### WHAT THE TASK ASKS
For the full listing below, write out each entry exactly and exclude the images.

*** EXTRACTED DATA ***

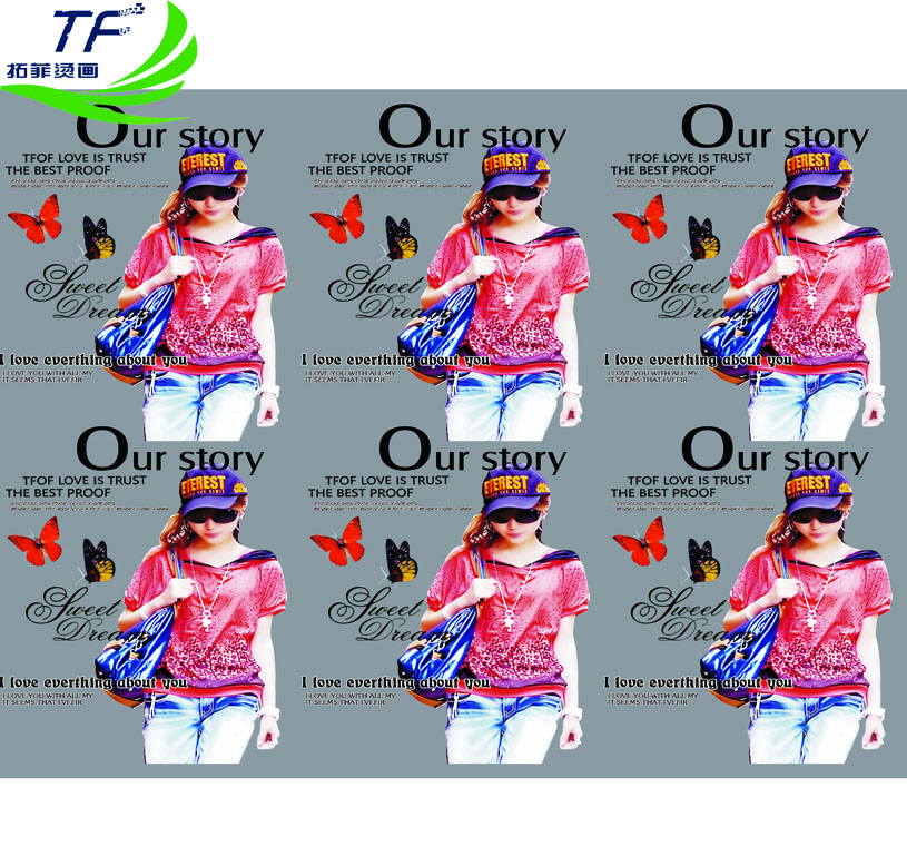 拓菲印刷有限公司,創(chuàng)建于2011年,位于中國國際商貿(mào)城---義烏,是一家手動燙畫機,氣動燙畫機,膠片燙畫,發(fā)泡燙畫,高彈耐水洗燙畫,金銀蔥燙畫,洗水嘜燙畫,滲透燙畫,柯式燙畫,植絨燙畫,美國燙畫,反光燙畫,夜光燙畫等熱轉(zhuǎn)印燙畫和燙畫機產(chǎn)品的專業(yè)生產(chǎn)廠家。擁有專業(yè)的電腦設(shè)計、業(yè)界最先進的全新四色彩印機等優(yōu)越的生產(chǎn)設(shè)備。 巨明霞:15857927379 微信: QQ:2851537797 公司地址:公司產(chǎn)品被廣泛應用于服裝,箱包,鞋帽,皮具,工藝品等多個行業(yè).暢銷國內(nèi)市場,出口多個國家和地區(qū)。歡迎各界朋友蒞臨指導、參觀和業(yè)務洽談。
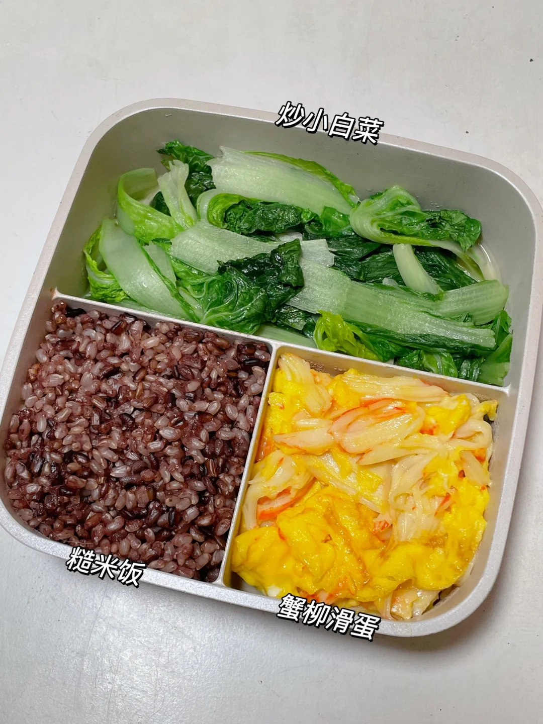📍糙米饭+蟹柳滑蛋+炒小白菜
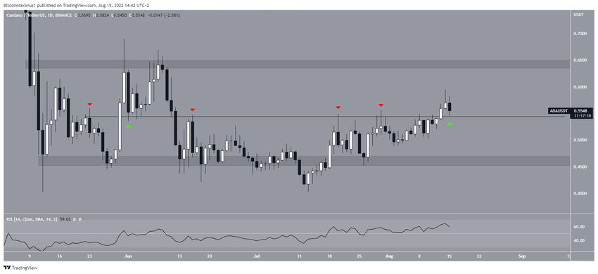 Cardano (ADA) ha creado un mínimo más alto y está en proceso de moverse hacia la línea de resistencia de su rango horizontal.
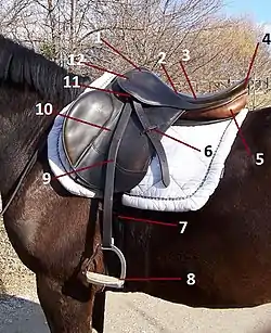 - Седельные подушки — набиты шерстью или синтетическим материалом[5]. Седло не должно касаться позвоночника лошади, поэтому пространство между подушками должно быть достаточно широким[6].
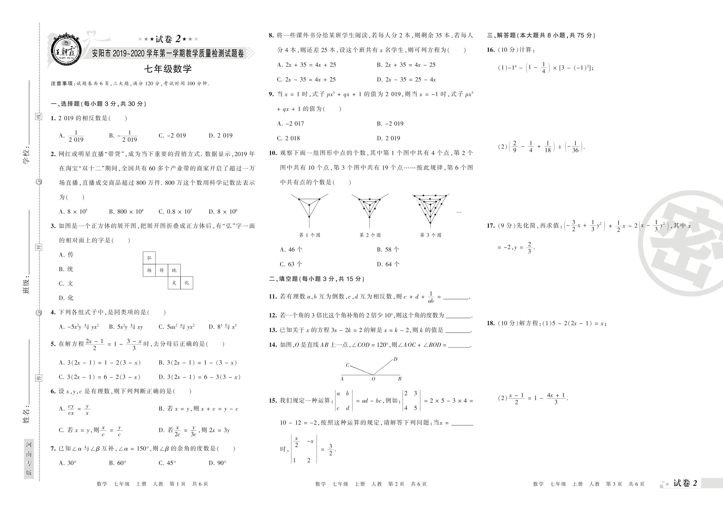 2019-2020学年第一学期安阳市七年级数学试卷(人教版)【2】
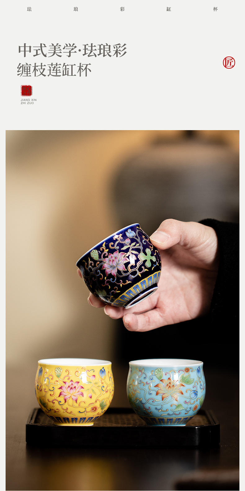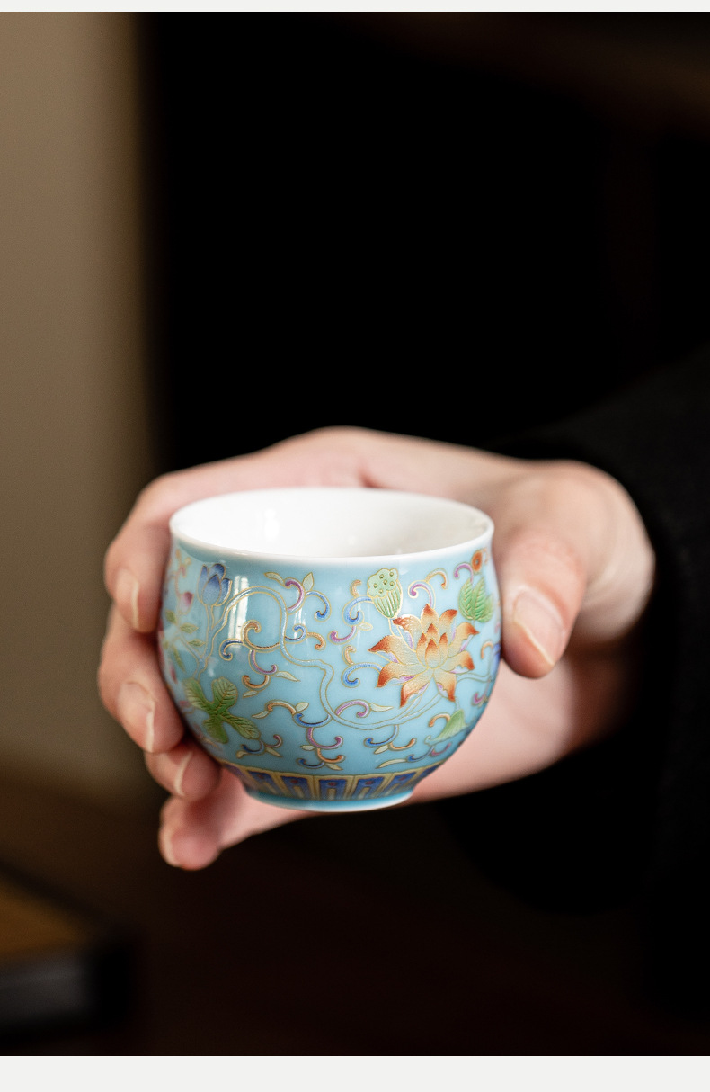 珐琅彩缠枝莲陶瓷缸杯喝茶杯中式复古个人杯功夫茶具品茗杯主人杯
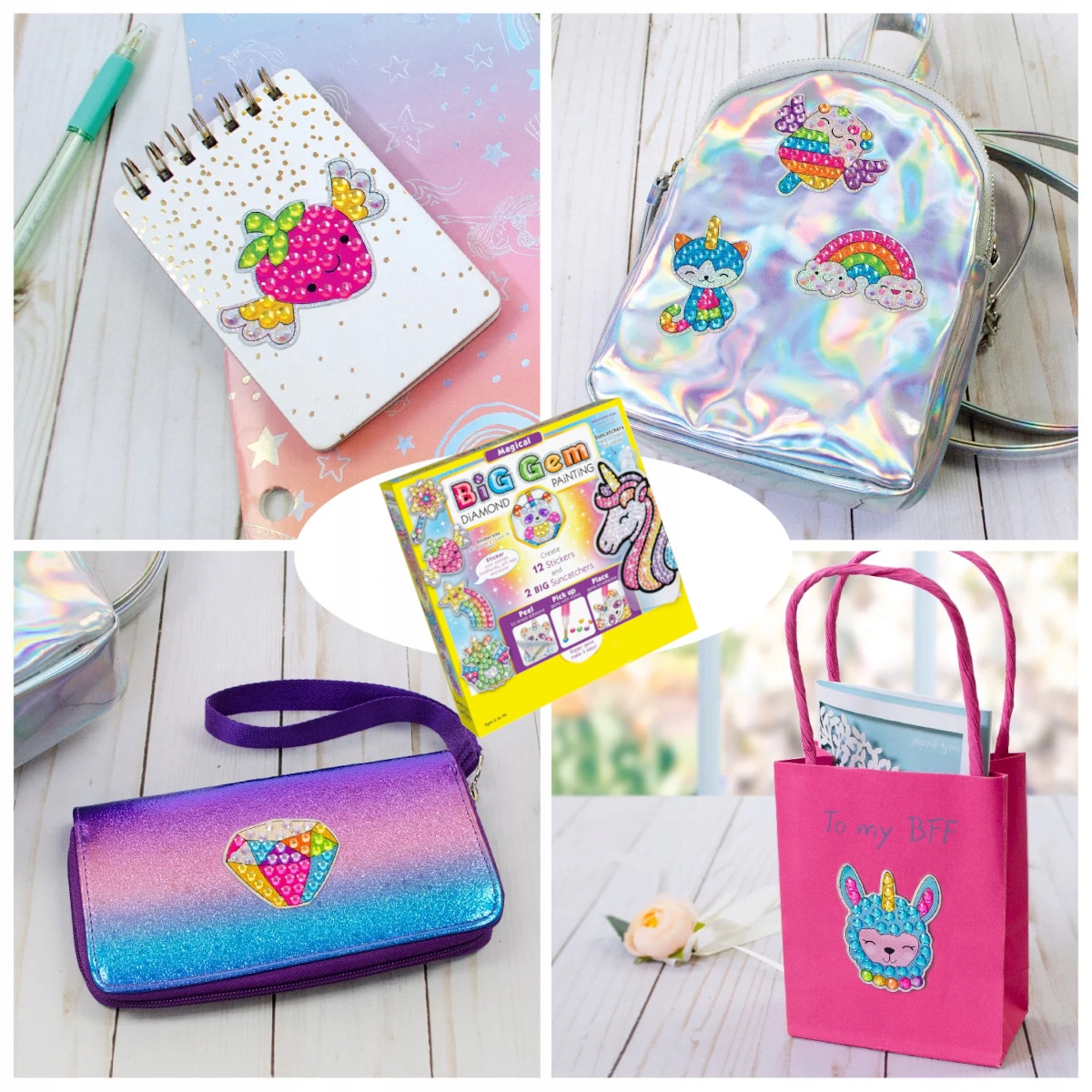 Гра з наклеюванням діамантів навчає творчості та тренує координацію рук і очей. Усе це робить гру неймовірно захоплюючою, а можливість прикрашати улюблені аксесуари власними прикрасами робить цей набір ідеальним!
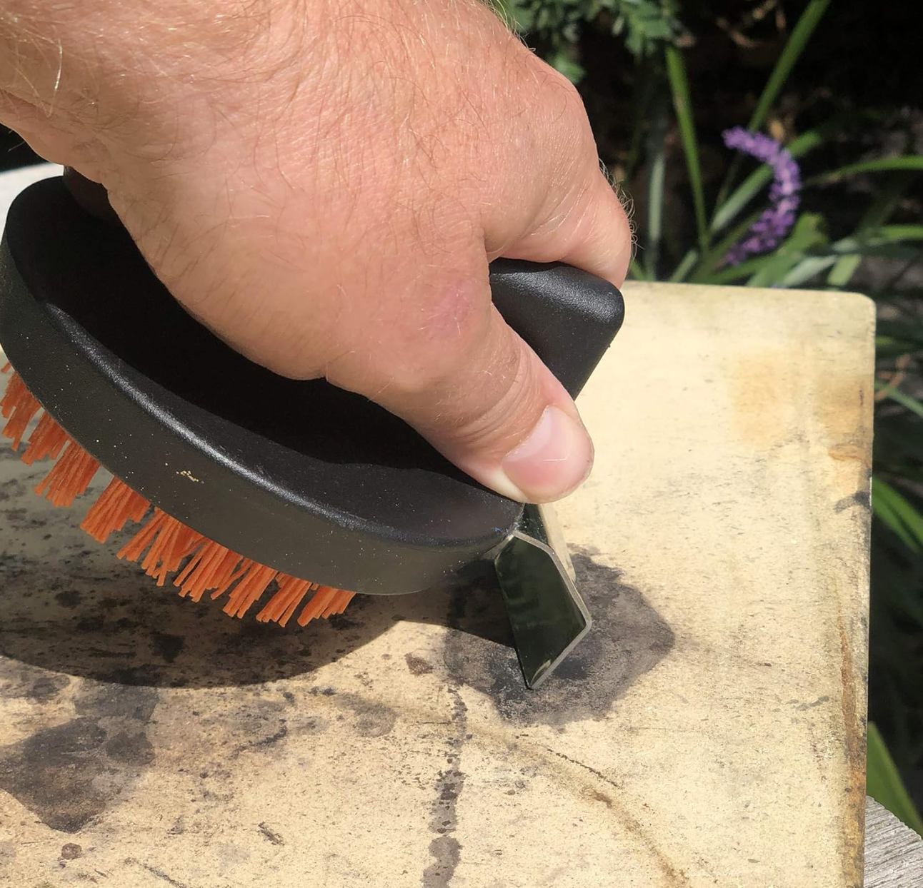 The Outset Cleaning Brush for Salt Block makes it easy to keep your salt blocks, pizza stones, and cast iron pans clean without scratching or damage. Its durable nylon bristles gently remove baked-on residue, while the built-in stainless steel scraper tackles tougher spots with ease.

*** End of EXTRACTED DATA ***

### FINISHED EXERCISE
 拓菲印刷有限公司,創(chuàng)建于2011年,位于中國國際商貿(mào)城---義烏,是一家手動燙畫機,氣動燙畫機,膠片燙畫,發(fā)泡燙畫,高彈耐水洗燙畫,金銀蔥燙畫,洗水嘜燙畫,滲透燙畫,柯式燙畫,植絨燙畫,美國燙畫,反光燙畫,夜光燙畫等熱轉(zhuǎn)印燙畫和燙畫機產(chǎn)品的專業(yè)生產(chǎn)廠家。擁有專業(yè)的電腦設(shè)計、業(yè)界最先進的全新四色彩印機等優(yōu)越的生產(chǎn)設(shè)備。 巨明霞:15857927379 微信: QQ:2851537797 公司地址:公司產(chǎn)品被廣泛應用于服裝,箱包,鞋帽,皮具,工藝品等多個行業(yè).暢銷國內(nèi)市場,出口多個國家和地區(qū)。歡迎各界朋友蒞臨指導、參觀和業(yè)務洽談。
📍糙米饭+蟹柳滑蛋+炒小白菜
 Cardano (ADA) ha creado un mínimo más alto y está en proceso de moverse hacia la línea de resistencia de su rango horizontal.
 - Седельные подушки — набиты шерстью или синтетическим материалом[5]. Седло не должно касаться позвоночника лошади, поэтому пространство между подушками должно быть достаточно широким[6].
 2019-2020学年第一学期安阳市七年级数学试卷(人教版)【2】
 珐琅彩缠枝莲陶瓷缸杯喝茶杯中式复古个人杯功夫茶具品茗杯主人杯
 Гра з наклеюванням діамантів навчає творчості та тренує координацію рук і очей. Усе це робить гру неймовірно захоплюючою, а можливість прикрашати улюблені аксесуари власними прикрасами робить цей набір ідеальним!
 The Outset Cleaning Brush for Salt Block makes it easy to keep your salt blocks, pizza stones, and cast iron pans clean without scratching or damage. Its durable nylon bristles gently remove baked-on residue, while the built-in stainless steel scraper tackles tougher spots with ease.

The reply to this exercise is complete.